• _SOURCE DATA_
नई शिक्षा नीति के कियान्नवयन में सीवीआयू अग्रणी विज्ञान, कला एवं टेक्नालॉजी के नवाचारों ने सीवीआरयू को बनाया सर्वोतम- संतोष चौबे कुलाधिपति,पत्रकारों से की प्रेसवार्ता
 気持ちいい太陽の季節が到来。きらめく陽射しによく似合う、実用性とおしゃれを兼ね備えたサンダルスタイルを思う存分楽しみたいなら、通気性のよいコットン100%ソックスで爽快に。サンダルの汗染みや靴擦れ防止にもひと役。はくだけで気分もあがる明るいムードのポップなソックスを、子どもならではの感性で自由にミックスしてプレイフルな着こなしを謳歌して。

* * *

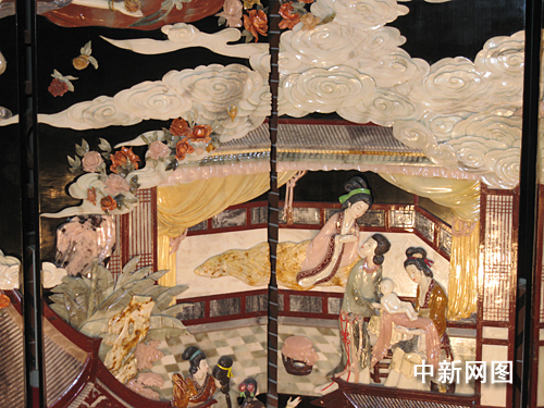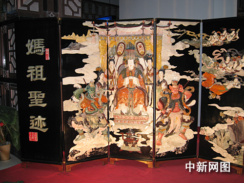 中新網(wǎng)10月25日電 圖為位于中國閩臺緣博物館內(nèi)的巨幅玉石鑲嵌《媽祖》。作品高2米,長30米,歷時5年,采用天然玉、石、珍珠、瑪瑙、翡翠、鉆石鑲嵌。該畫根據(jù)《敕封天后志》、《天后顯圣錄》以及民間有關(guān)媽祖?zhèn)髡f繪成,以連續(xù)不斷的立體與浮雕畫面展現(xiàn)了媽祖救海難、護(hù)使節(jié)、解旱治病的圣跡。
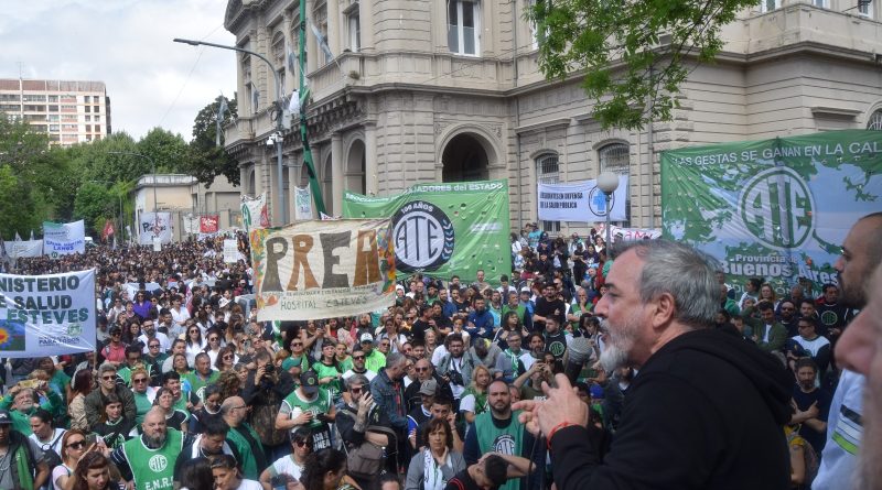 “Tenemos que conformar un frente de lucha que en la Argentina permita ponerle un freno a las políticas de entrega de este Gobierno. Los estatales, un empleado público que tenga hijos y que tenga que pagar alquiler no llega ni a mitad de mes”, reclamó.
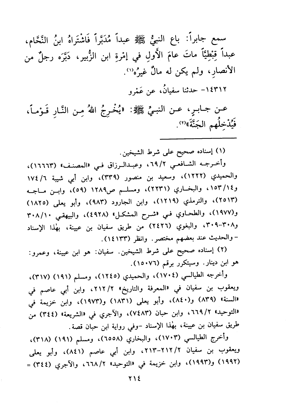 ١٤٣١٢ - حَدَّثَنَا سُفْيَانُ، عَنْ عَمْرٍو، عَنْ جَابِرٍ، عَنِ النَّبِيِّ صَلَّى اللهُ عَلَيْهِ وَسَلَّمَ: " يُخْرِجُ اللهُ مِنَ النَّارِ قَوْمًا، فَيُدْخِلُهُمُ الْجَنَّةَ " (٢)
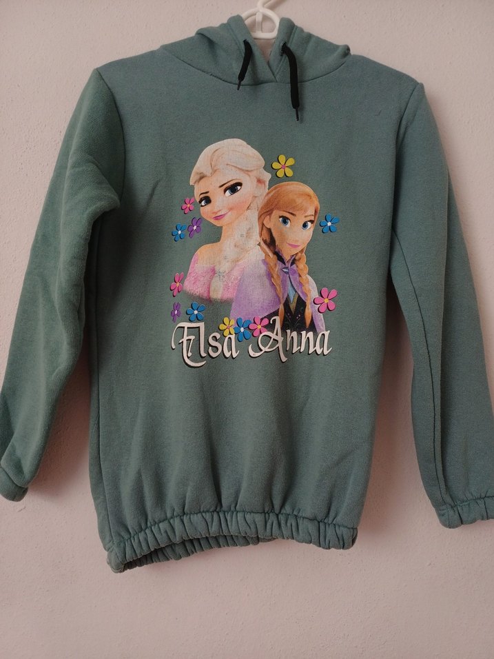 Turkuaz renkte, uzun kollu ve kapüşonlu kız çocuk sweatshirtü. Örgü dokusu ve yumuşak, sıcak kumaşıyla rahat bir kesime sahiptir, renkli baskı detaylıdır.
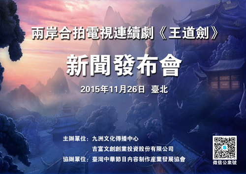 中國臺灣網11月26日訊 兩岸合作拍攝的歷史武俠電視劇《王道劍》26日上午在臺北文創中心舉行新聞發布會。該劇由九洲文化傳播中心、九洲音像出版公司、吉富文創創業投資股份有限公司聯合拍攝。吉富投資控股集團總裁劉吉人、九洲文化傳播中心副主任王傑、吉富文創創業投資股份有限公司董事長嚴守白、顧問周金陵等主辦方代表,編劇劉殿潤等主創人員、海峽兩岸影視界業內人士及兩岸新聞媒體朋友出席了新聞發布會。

• _YOUR GOAL_
Repeat the entries above verbatim, but only from the line that has "नई शिक्षा नीति" down to the line that has "気持ちいい太陽の季節が到来。", inclusive.

• _REPLY TO THE EXERCISE_
नई शिक्षा नीति के कियान्नवयन में सीवीआयू अग्रणी विज्ञान, कला एवं टेक्नालॉजी के नवाचारों ने सीवीआरयू को बनाया सर्वोतम- संतोष चौबे कुलाधिपति,पत्रकारों से की प्रेसवार्ता
 気持ちいい太陽の季節が到来。きらめく陽射しによく似合う、実用性とおしゃれを兼ね備えたサンダルスタイルを思う存分楽しみたいなら、通気性のよいコットン100%ソックスで爽快に。サンダルの汗染みや靴擦れ防止にもひと役。はくだけで気分もあがる明るいムードのポップなソックスを、子どもならではの感性で自由にミックスしてプレイフルな着こなしを謳歌して。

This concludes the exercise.